I was only five when Quake came out, so obviously I couldn't really have worked on it, but I'm pretty sure that (if Masters of Doom is to be believed) I would have probably told Carmack to go fuck himself about midway through the project. Quake is my favorite FPS from that era, and my favorite id game in general, but it sounded like a pain in the ass to work on.


If you haven't already, you should read John Romero's autobiography "Doom Guy: Life in First Person". There are some details from "Masters of Doom" that Romero disputes.

It's been on my list, but I haven't read it yet.

I also stalked Scott Miller from Apogee Software to ask him how accurate Masters of Doom was, and he told me to checkout the book "Shareware Heroes", as he claims it's more accurate [1]. I still haven't read it but that's the next thing I plan on reading.
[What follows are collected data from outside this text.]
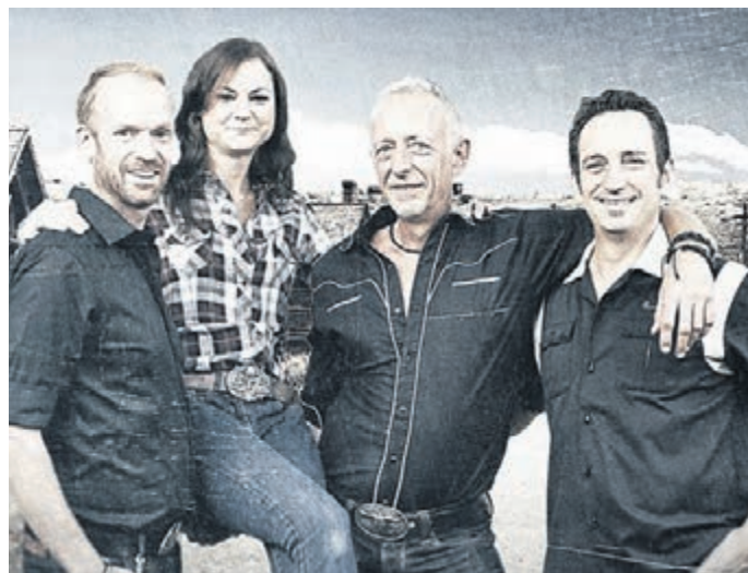
Die Band „Cash Fellows“ spielt Country Music von Johnny Cash bis zu Reinhard Mey. Im Kulturbahnhof sind sie am 1. Dezember zu Gast.

Weiterstadt (red). Country Music im Kulturbahnhof Weiterstadt mit „Cash Fellows“. Die vierköpfige Band spielt nicht nur Songs von Johnny Cash über Willie Nelson bis Simon and Garfunkel, sondern hat auch deutsche Lieder von beispielsweise dem Liedermacher Reinhard Mey dabei. Die Gäste erwarten am Freitag, dem 1. Dezember, ab 20 Uhr, ein rundum gelungener County-Abend, bei dem mitgeklatscht und auch mitgesungen werden darf. Einlass ist um 19 Uhr, Beginn um 20 Uhr. Der Eintritt ist frei, und wie bei freiem Eintritt im Kuba üblich, geht der Hut run.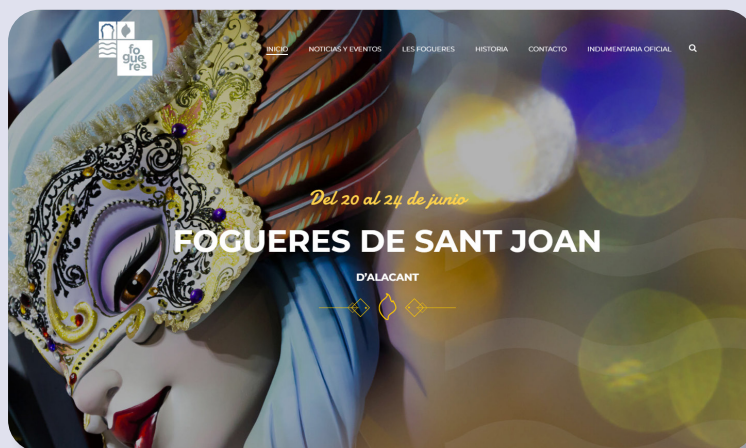
Captura de pantalla de la web de la Federació de les Fogueres de Sant Joan ( www.hogueras.es )

- Premio a la mejor portalada de barraca: banderín acreditativo a la mejor portalada sobre enfermeras/os con una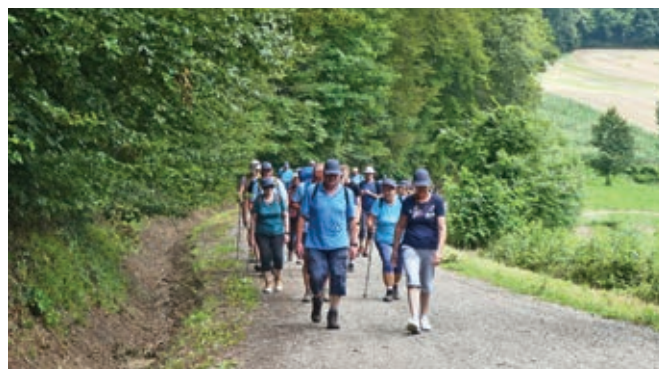
Med pohodom ...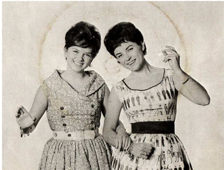
De to søstre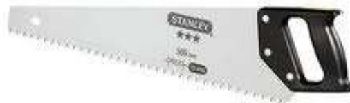
la scie égoïne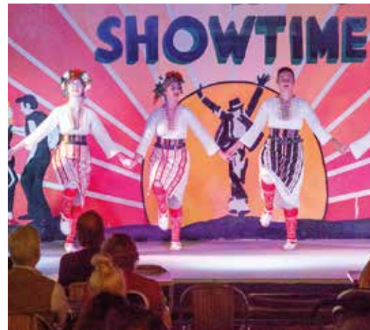
Inkludiertes Hotelangebot – von wohltuender Sauna bis zum Abendprogramm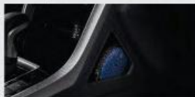
Instrument Panel Side Pocket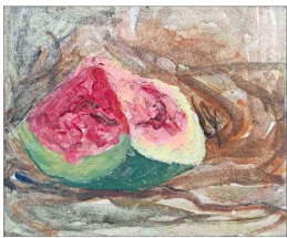
"Sandía", la última obra que pintó.

aleja al público. Nosotros queremos llegar a una audiencia amplia".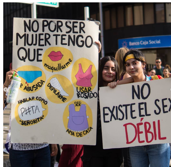
Carrusel del 10/03/19 en el marco del #8M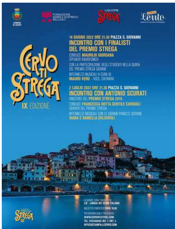
Incontro con i finalisti del Premio Strega 2022 a Cervo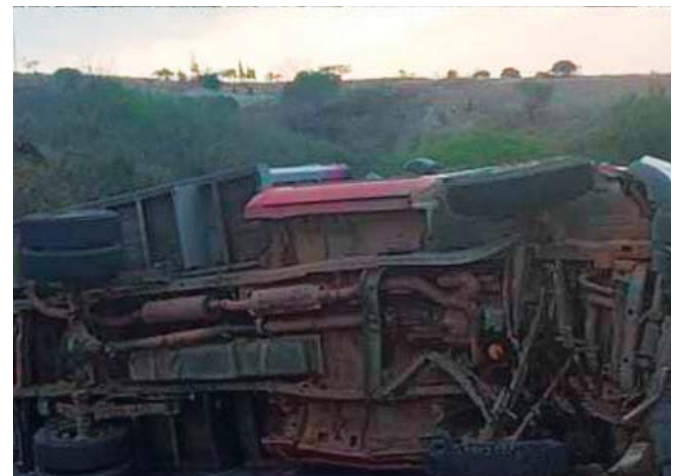
La camioneta Ford involucrada terminó volcada junto a la carretera federal.

tor presuntamente responsable quedó retenido.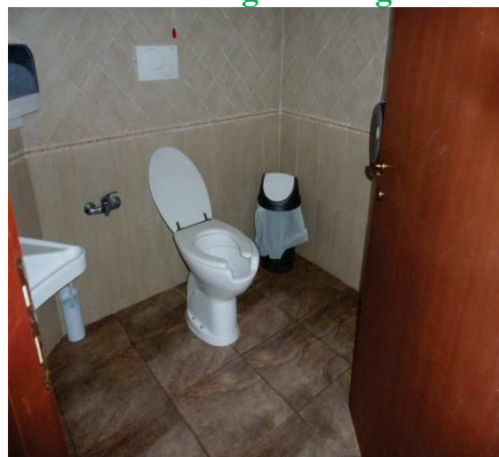
Foto n. 18 bagno 2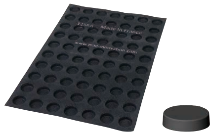
① ミニハンバーガー 70取 012568-4060

約30年の実績と経験を持つフランスのシリコンモールドメーカー“Mae Innovation”社。 シリコン型、グラスファイバー型を幅広く製造しており革新的なソリューションを提供しています。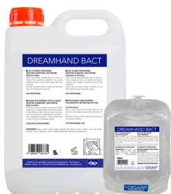
DREAMHAND BACT GEL DE MANOS PROFESIONAL SIN PERFUME FORMATOS 5L / ECO Z PT02512100. 5L PT0441F100 12x500ml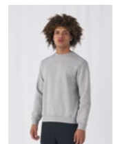
ERHÄLTICH IN UNISEX B&C SET IN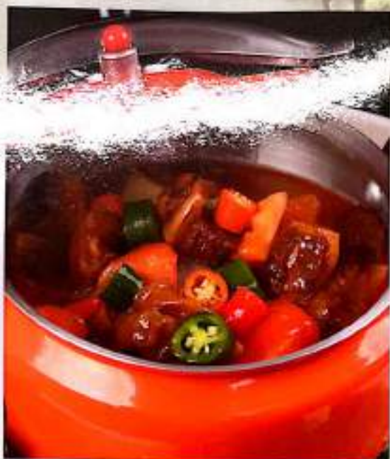
53 压锅牛肉 (压锅猪蹄) $ 20 Pressure Cooker-Beef Pressure Cooker-Trotter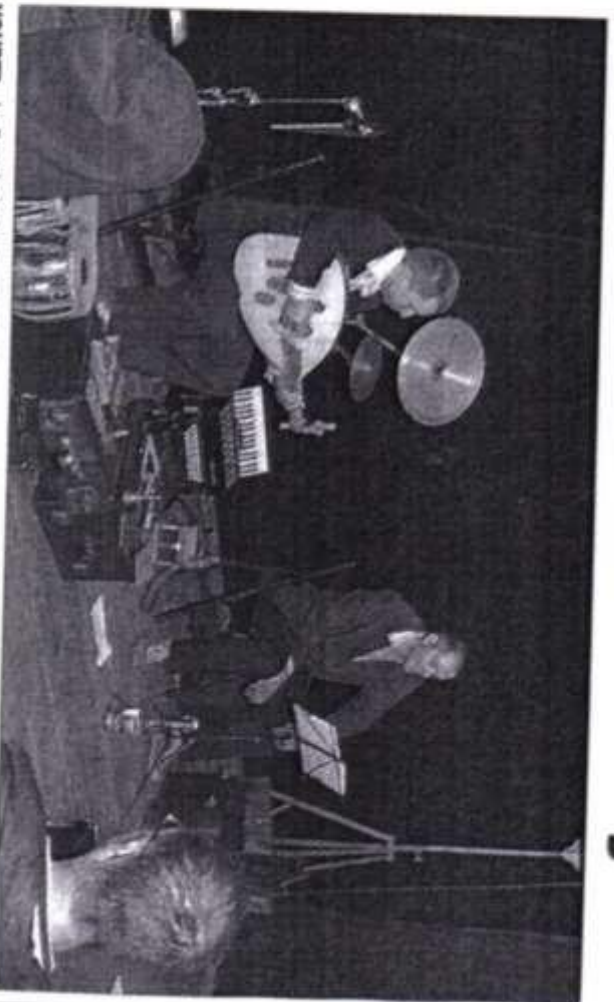
YOURTE. La Batahola invite à un voyage en contes.

Spectacle intime sous la yourte. Il est aussi spectacle pour tous, à partir de 5 ans. ■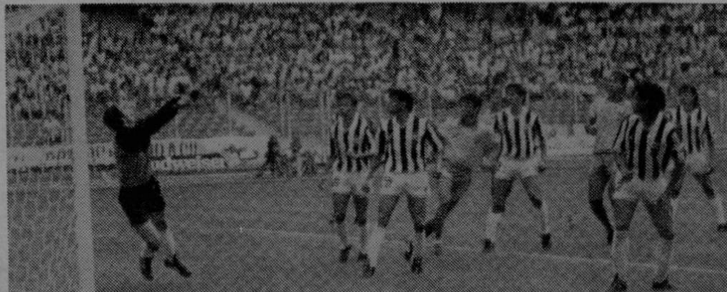
La Selección Nacional que abriendo una nueva era pasa a la historia del quehacer deportivo de nuestro país.

Faltan cuatro años para el próximo mundial, pero hay que empezar ya, ¿sabe alguien cómo, nosotros los simples aficionados, podemos intervenir en la total reestructuración de la dirigencia de nuestro fútbol?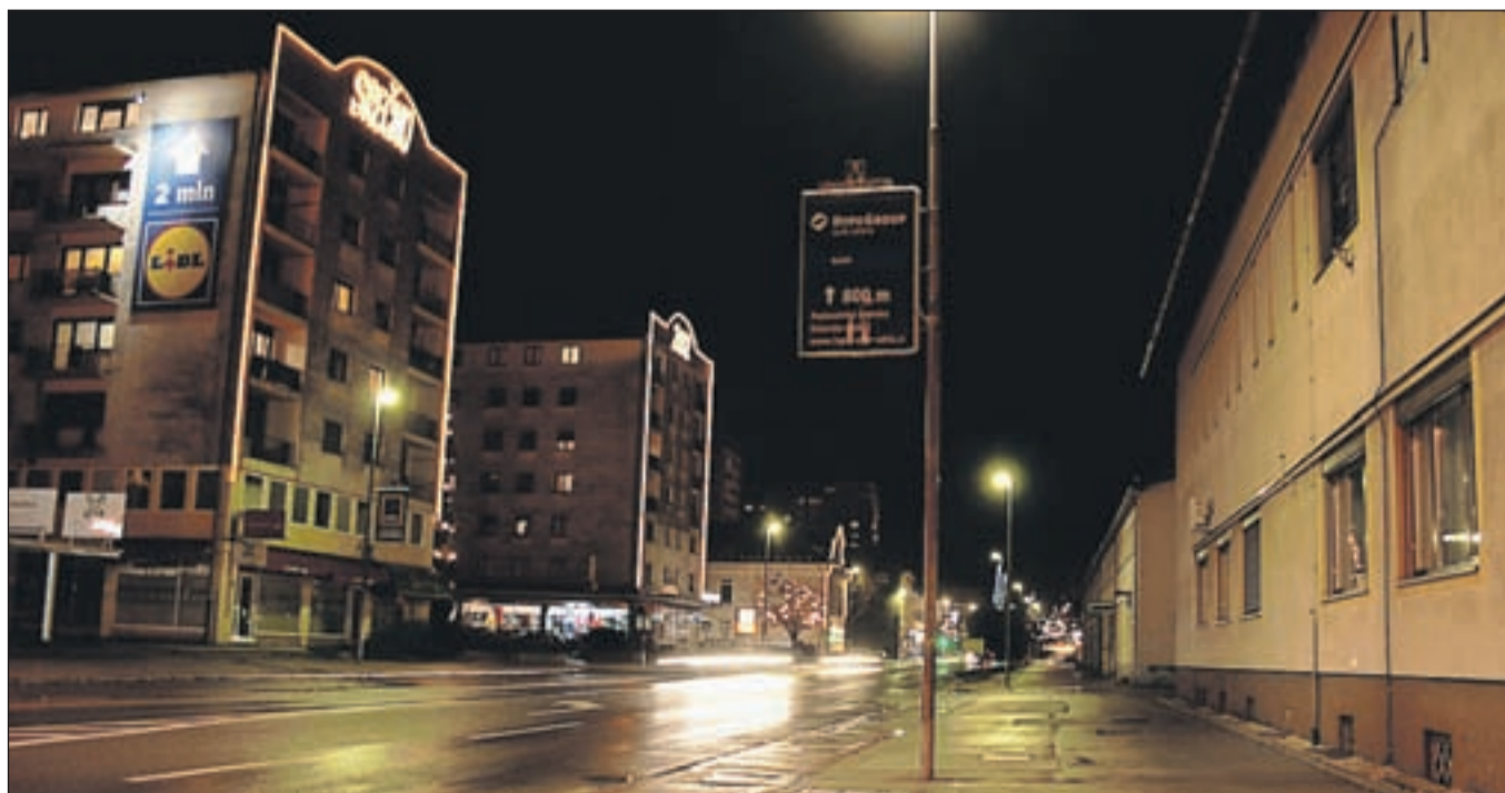
Jesenice so že praznično osvetljene.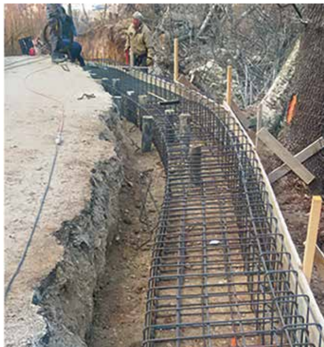
Località Mesole / Val Coalba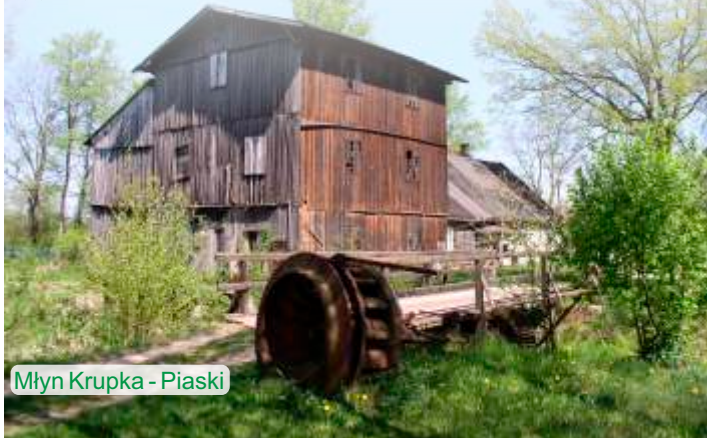
Młyn Krupka - Piaski

Współcześnie młyn otoczony jest wspaniałą przyrodą. Jednak na budynku zaznaczyły się z widoczne oznaki przemijania czasu. Całkowicie znikła przybudówka mieszcząca turbinę wodną. Jej pozostałości, wydobyte są z wody i umieszczone na lewym brzegu Młynówki, tuż przy dawnym moście - skłaniają do refleksji. Opuszczając teren warto zwrócić uwagę na drewnianą, przydrożną kapliczkę, umieszczoną w pniu drzewa.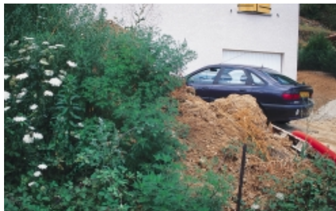
Dans les zones pavillonnaires, il faut encourager un aménagement rapide des jardins pour éviter le développement de l'ambroisie sur les terres rapportées ou remuées par le chantier de construction.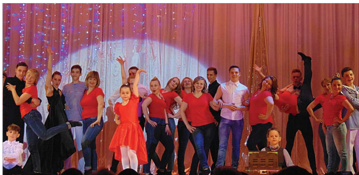
Сюрприз удался! Мама участниц «Фиесты» танцевали с неменьшим удовольствием и задором, чем дети.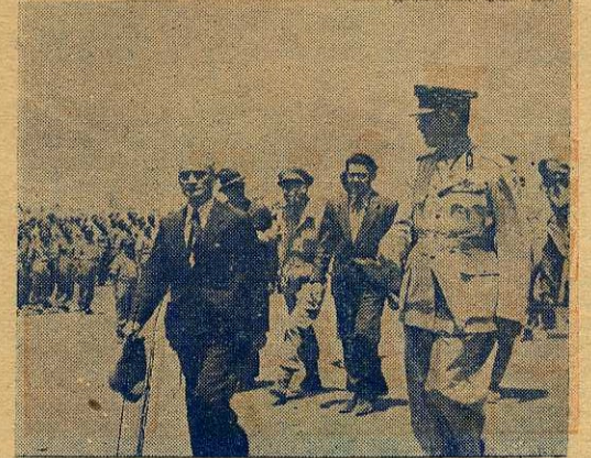
ΕΙΣ ΤΟ ΜΕΣΟΝ: Ἡ ἔπαρσις τῆς Σημαίας στο Τάγμα μας. ΔΕΞΙΑ: Ἀπὸ τὴν τελευταία ἐπίσκεψι τῶν Ἐπισήμων εἰς τὸ Α' Τάγμα Σκαπανέων. Προπορεύεται ὁ κ. Ὑπουργὸς τῶν Στρατιωτικῶν.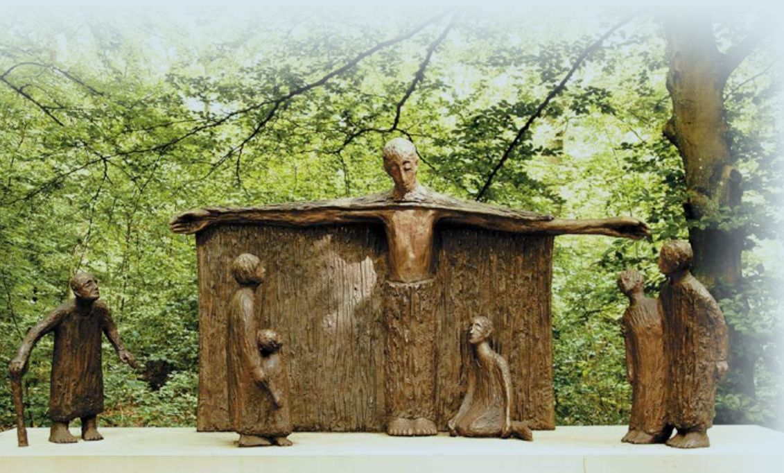
Bild: Altar mit dem Schutzmantelchristus am Eingang des Friedwaldes Schwanenberg

Gewiss kann man hier auch den weihnachtlichen Frieden empfangen. Möchten Sie mit mir dorthin gehen? ■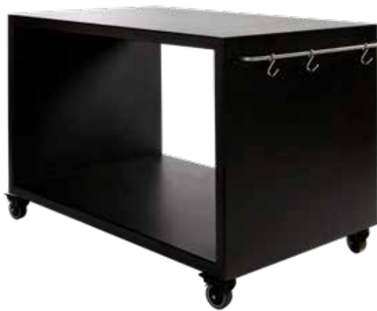
Morsø Forno Garden - Gartentisch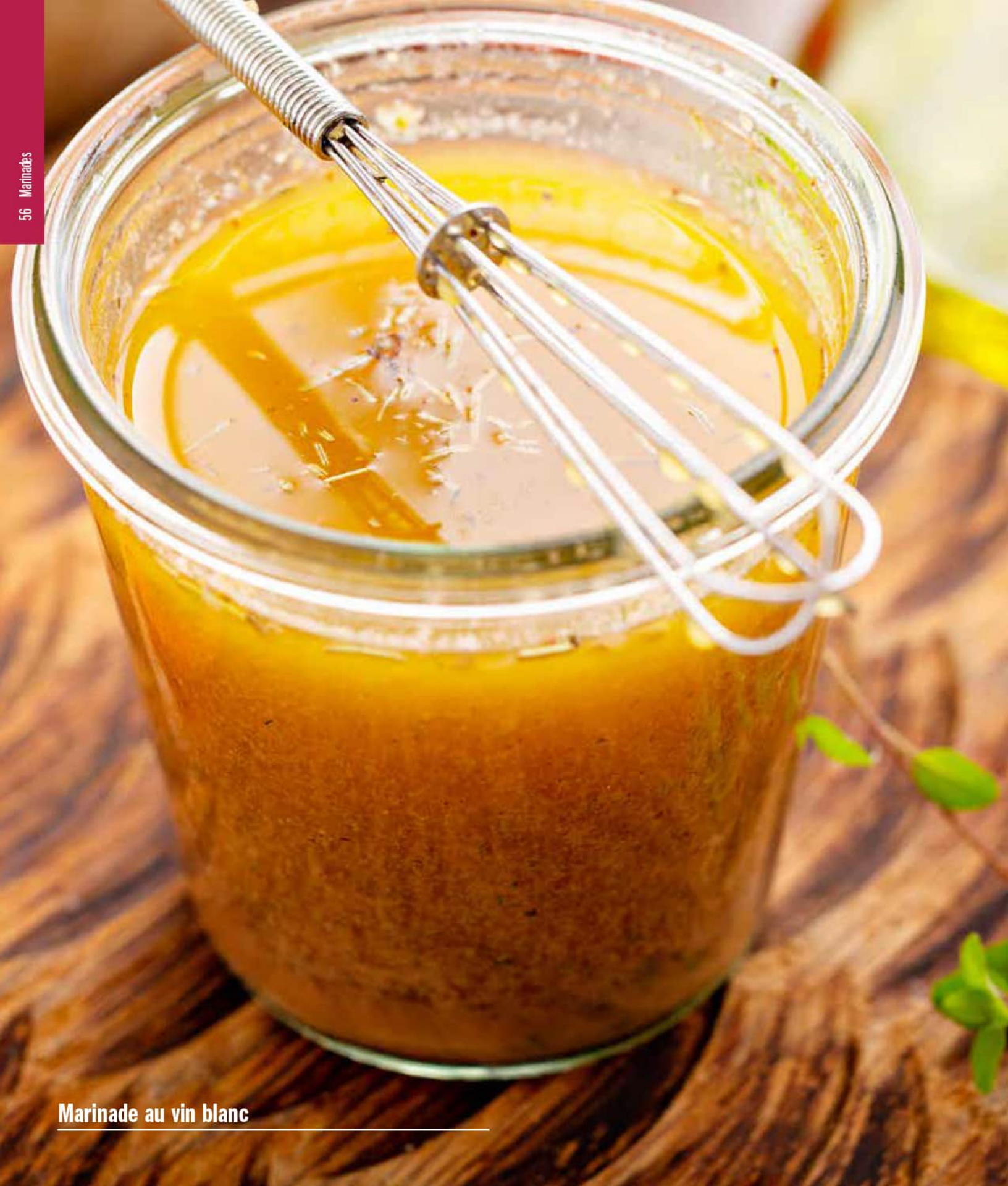
Marinade au vin blanc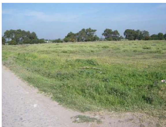
Foto 3.4. Tipo de parcela que no hay mucho interés por comprarlas.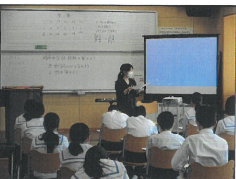
感染防止のため、校歌はまだ歌えないので、歌詞の意味を考え、リズムを手拍子でとりました。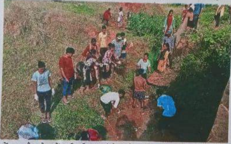
डोड़काचौरा रोड में नदी की सफाई में उतरे कॉलेज के स्टूडेंट्स।

बांकी नदी को बचाने जशपुरनगर से शुरू हुई मुहिम में अब गांव भी जुड़ चुके हैं। बोते 24 मई को बांकी नदी के क्षेत्र में पड़ने वाले दस गांव में विशेष ग्राम सभा का आयोजन हुआ था। ग्राम सभा में ग्रामीणों को नदी के अस्तित्व बचाने के लिए जागरूक किया गया। नतीजा अब रोजाना ग्रामीण खुद ब खुद नदी के किनारे जुट रहे हैं और नदी की सफाई में श्रमदान कर रहे हैं। अधिकांश महिलाओं ने तो नदी की सफाई के लिए मजदूरी का काम भी फिलहाल बंद कर दिया है। महिलाएं मजदूरी करने शहर ना जाकर नदी में ही पसीना बहा रही हैं। बांकी नदी का उदम स्थल ग्राम सितोंगा में है। यह नदी भुड़केला के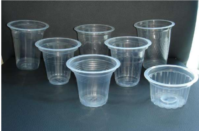
4-5 GELAS PLASTIK KECIL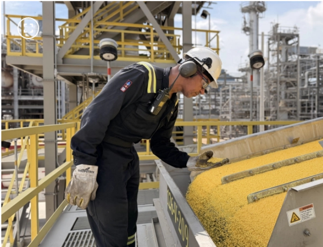
Exportaciones de azufre de Ecopetrol

Con esta operación, la Refinería de Cartagena busca ampliar su presencia en el mercado petroquímico y aumentar la capacidad de aprovechamiento de subproductos derivados de la refinación de combustibles.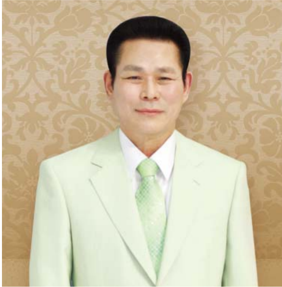
بزرگ پاسٹر ڈاکٹر بے راک لی

مسیح میں عزیز بھائی اور بہنو، میں خداوند کے نام میں دعا کرتا ہوں کہ اس پیغام کے وسیلہ سے آپ تصور کر سکیں کہ خدا پر ایمان کا اقرار کرنے کے باوجود ممکن ہے کہ کوئی شخص نجات نہ پا سکے اور سب کیلئے ضرور ہے کہ وہ موت کی اس راہ پر صارف رہیں اور سیدھی راہ اختیار کر کے بحفاظت آسمان تک پہنچیں۔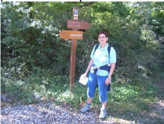
9 - Cependant la route est encore longue avant de regagner l'hôtel.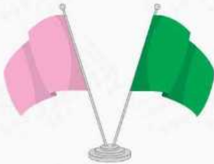
پرچم رومیزی ساتن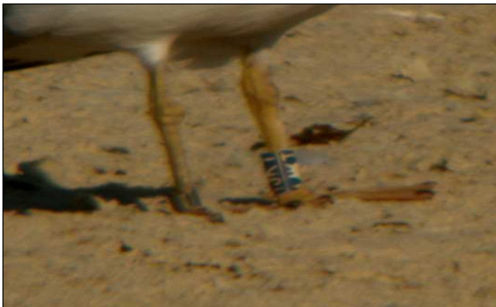
03.08.2010 – Lettura di anello di Gabbiano reale – La Mandria

14 ind sul colle della Crocetta a a 2160 mt slm a Ceresole Reale il 19.07 (TOP). Stimati circa 4000 ind in spostamento dalla discarica Cassagna a Pianezza il 16.10 (ALG et altri)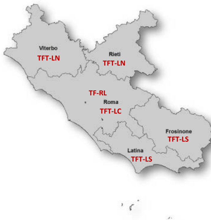
Figura 1. Distribuzione territoriale delle Task Force Multi-Disciplinari

[1] https://sharewareheroes.com/


Both Carmack and Romero have praised Masters of Doom as a good picture of what things were like, which seems like a good sign since a lot of it is about a time when the two were at odds.

Yeah Romero said they signed an agreement saying that it was accurate: https://qr.ae/pFH291

For anyone who wants more books that dig into the games industry, all of Jason Schreier's books are fantastic.

> One of my favorite non-fiction books is Masters of Doom.

Loved this book as well. Convinced me more than anything to stay out of game dev. It was also cool getting the inside story on why Ion Storm went belly up. I have huge respect for the games that the Austin office put out and IMO Warren Spector is one of the top game designers of our generation. But it seems like the Daikatana flop was one of those rare career ending failures. It took down the Dallas office which was the main HQ, left a black mark on many people's careers and was also ill timed with the popping of the Dot Com Bubble. Funding for new, risky ideas was essentially gone in the aftermath.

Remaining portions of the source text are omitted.